Бредина повеселили мои слова, и он затрясся от смеха, наглаживая мои ягодицы. А затем, просунув руку мне под грудь, бережно перевернул на спину.
— Не злись, я попробую все исправить, — произнес он, нависая сверху.
После того, как он все исправил, его интерес с моей персоне заметно поугас, а я жутко проголодалась. Натянув белье и накинув брединскую джинсовую рубашку с ацтекскими узорами, которая заменила мне халат, я отправилась на кухню, чтобы найти что-нибудь съедобное, пообещав парню не забыть и о нем. Я прошла по коридору мимо кладовой и столовой и вдруг услышала какую-то возню со стороны кухни. Этим вечером в доме мы были одни. Вероника с Кеннеди укатили за город на пару дней, японцы уехали, а бабуля должна была приехать только послезавтра. Замерев на месте, я размышляла над тем, что мне следует сделать: пойти проверить или вернуться к Бредину и предложить ему все выяснить. Но думала я недолго. Из кухни снова раздались звуки и голос:
— Куда же я задевала свой венчик, дура старая?
Слова были произнесены на русском скрипучим старушечьим голосом.
Стало ясно, что бабуля Сильвия решила вернуться чуть раньше и уже собиралась что-то стряпать. Мне б ее расторопность в девяносто восемь!
— Здрасьте, Сильвия… простите, не знаю вашего отчества, — заявила ей с порога, с интересом разглядывая бабулю.
Она, как обычно, была при параде: стильно уложенные седые кудри, белая блузка с откровенным вырезом и темно-синие джинсы, почти такие же, как и те, что я не удосужилась надеть.
— Оксана Андреевна Роздобудько, — с улыбкой сказала бабуля, уперев кулаки в бока. — Но уже полвека я просто Сильвия. Что, рассекретила меня Вероничка?
Я прошла на кухню и встала в центре у стола.
— В общем, да. Мы так удивились. Почему вы не сказали сразу?
— Я присматривалась. Видишь ли, я впускаю в дом посторонних людей. И они могут быть очень болтливыми, когда думают, что их не понимают, — пояснила эта престарелая конспираторша.
— Я сквернословила, да? Мне так неловко…
— О, не волнуйся, детка! — перебила меня бабуля. — Русская брань для моих ушей, как музыка. У меня не часто останавливаются наши. В позапрошлом году я полгода сдавала комнату белорусской студентке, но с ней было так скучно. Представляешь, она приехал просто учиться?
— Какой кошмар, — поддержала я ее.
И тут же задумалась. Бабуля была украинкой, та девушка из Белоруссии, а мы с Брединым ясно откуда… Что она имела ввиду, говоря «наши»? Хотелось бы надеяться, что синьора Роздобудько была в курсе того, что произошло в Беловежской пуще в девяносто первом… Но я не стала уточнять, опасаясь стать причиной сердечного приступа почти столетней старушки, который могла вызвать новость о том, что Союз-то давно развалился.

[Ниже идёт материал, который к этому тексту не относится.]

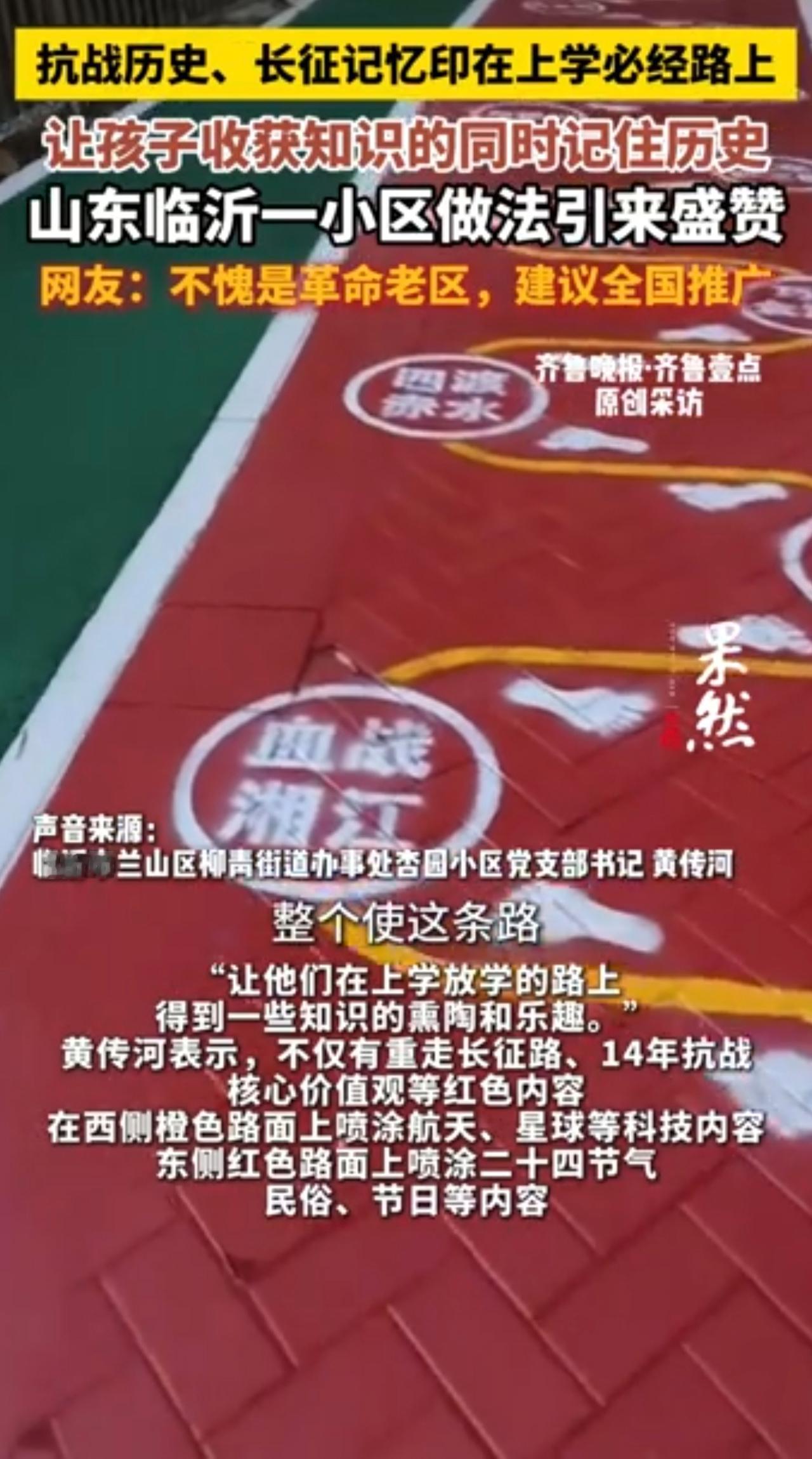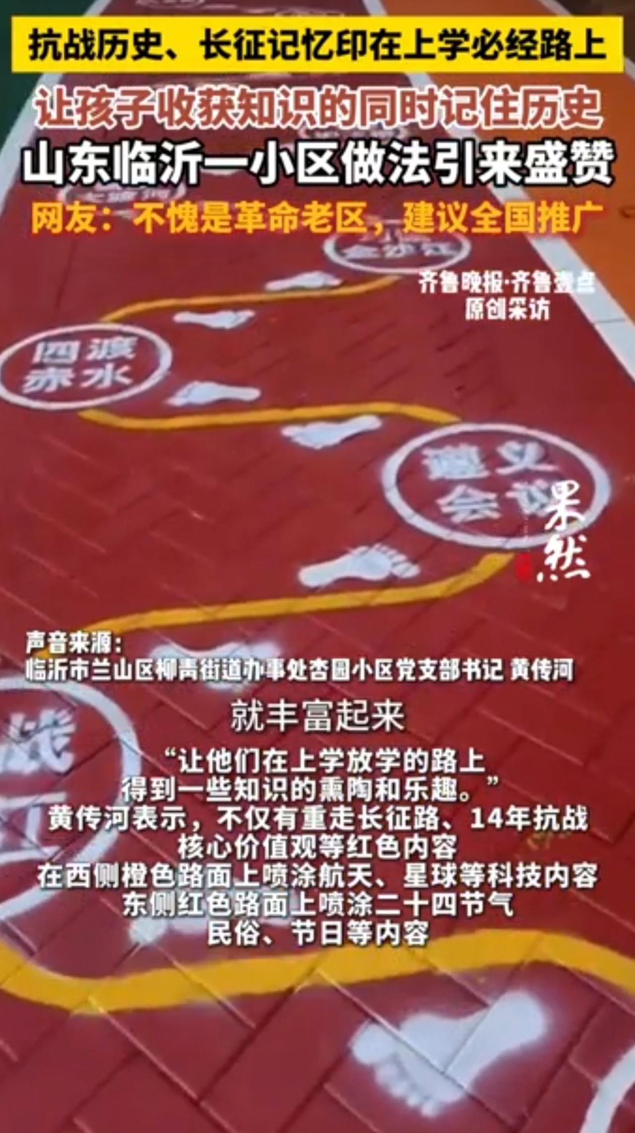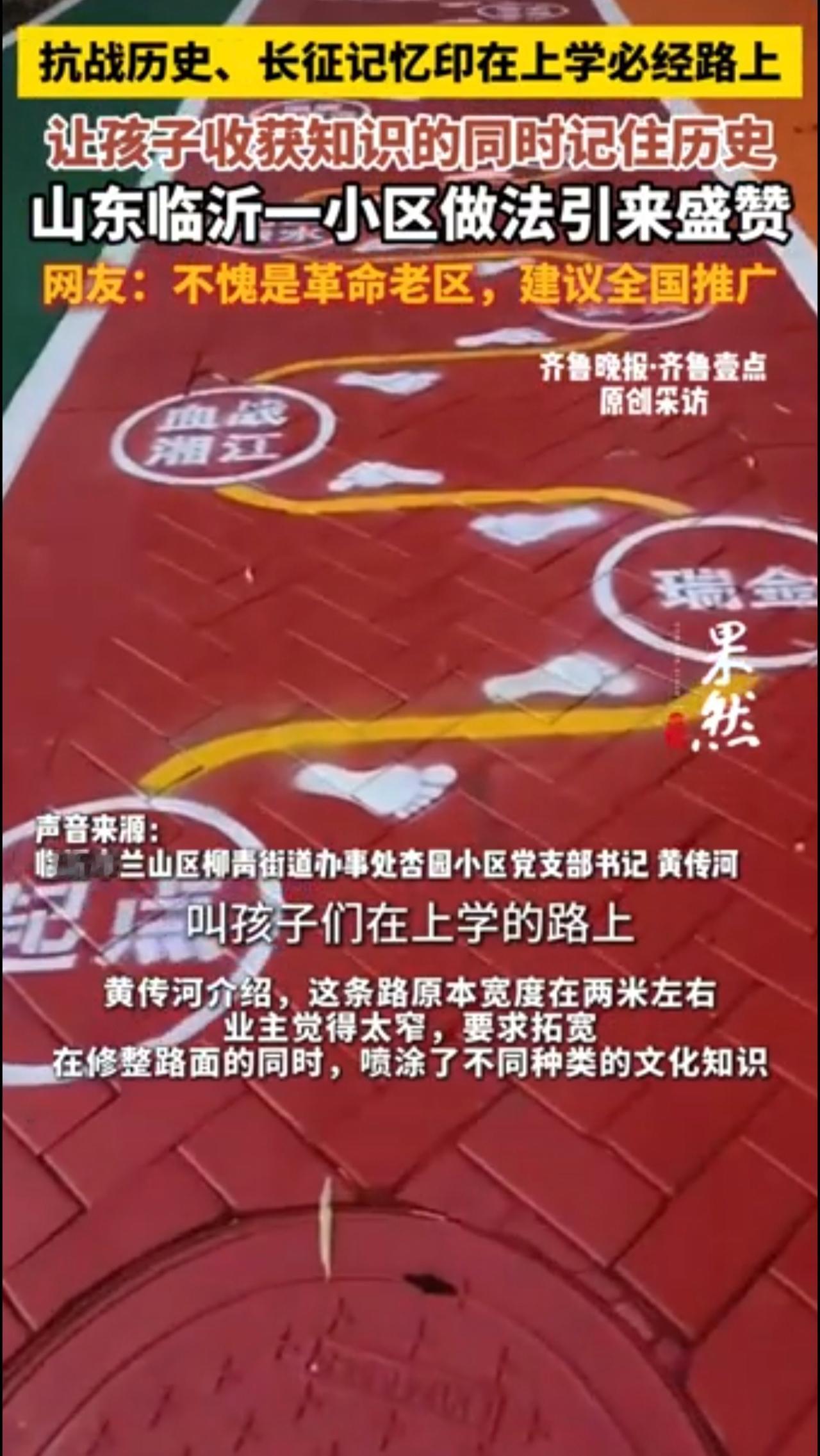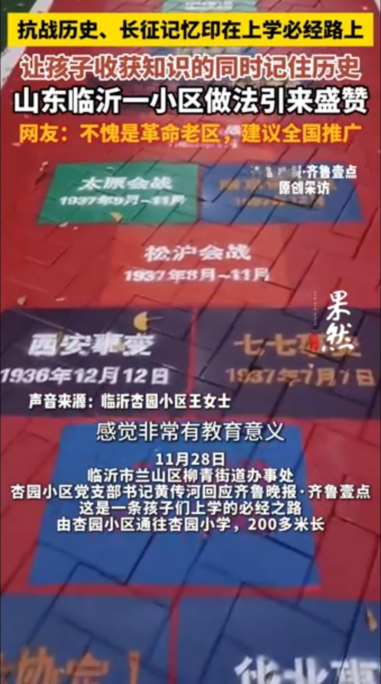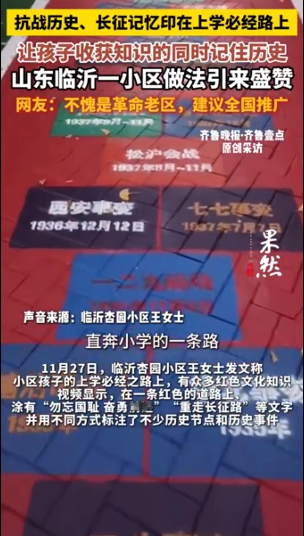 一小区步道上写满了历史!这是孩子们上学的必经之路,拍摄的住户说,每次经过都是在提醒自己铭记历史。网友纷纷点赞:建议全国推广!
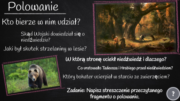 Zadanie: Napisz streszczenie przeczytanego fragmentu o polowaniu.
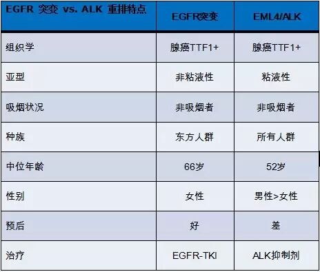 表1. EGFR 突变 vs. ALK 重排
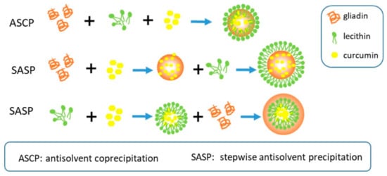 Since gliadin is soluble in aqueous ethanol, the most common and convenient approach for preparing nanoparticles is through the anti-solvent coprecipitation (ASCP) process. In a modified process, stepwise antisolvent precipitation (SASP) (Figure 15) of gliadin nanoparticles with lecithin was used to encapsulate and deliver curcumin. The blending sequence influenced the size of the nanoparticles, with the gliadin-lecithin-curcumin nanoparticles having a considerably larger diameter of 264 nm compared to 92 nm for pure gliadin. Curcumin was able to have hydrogen bonding, and electrostatic interactions with gliadin led to reduced hydrophilicity. An encapsulation efficiency of 91% and a loading capacity of 6% was achieved. The nanoparticles were able to protect curcumin against UV irradiation and thermal treatment, and also preserved curcumin’s antioxidant capacity to a higher extent than the conventional ASCP process [92].
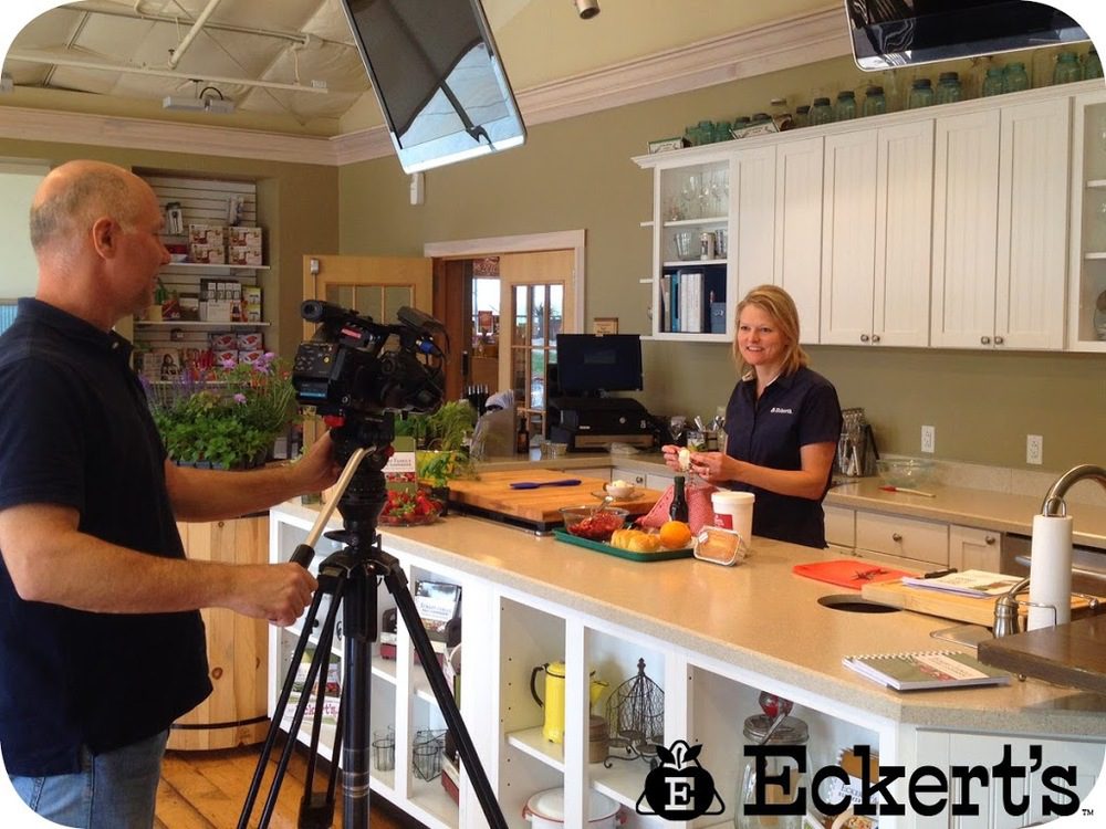 Thank you Show-Me St. Louis and camera-coach Jim Viehman for a fun afternoon in Eckert’s Cooking Classroom! It was my pleasure to prepare two recipes for Show Me which will air on Friday, April 18th. A big thank you to Eckert’s culinary stage crew, Lana Shepek and our Dietetic Intern, Rachel, from Southeast Missouri State for helping me set up my culinary “stage” for the filming.
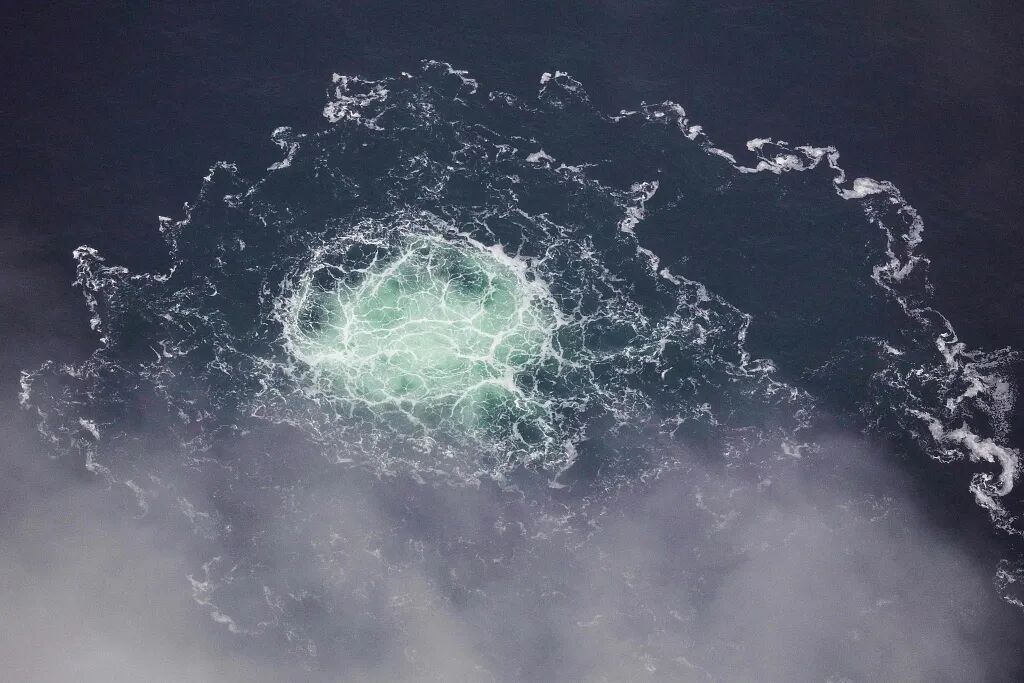 当地时间2022年9月28日,波罗的海瑞典经济区的“北溪”2号天然气管道泄漏的气体正在释放。视觉中国

— Наверное, тебе интересно узнать, как я здесь оказалась? — она смотрела на меня пытливым взглядом.
— Ваша правда, — кивнула в ответ. — Сгораю от любопытства.
— Ну что ж, Юля. Помоги мне. Я решила испечь апельсиновые кексы. Надевай-ка фартук.
Она указала своими узловатыми пальцами на угол кухни, где на крючке висел фартук. Теперь стало понятно, почему это помещение казалось мне таким родным и каким-то совдеповским, что ли. Пока я завязывала симпатичный фартук в красно-белую клетку и закатывала длинные рукава брединской рубашки, Сильвия достала из холодильника пластиковый лоток с яйцами и встала к столу.
— Что… мне делать? — в ожидании команды я развела руками и покачалась на пятках.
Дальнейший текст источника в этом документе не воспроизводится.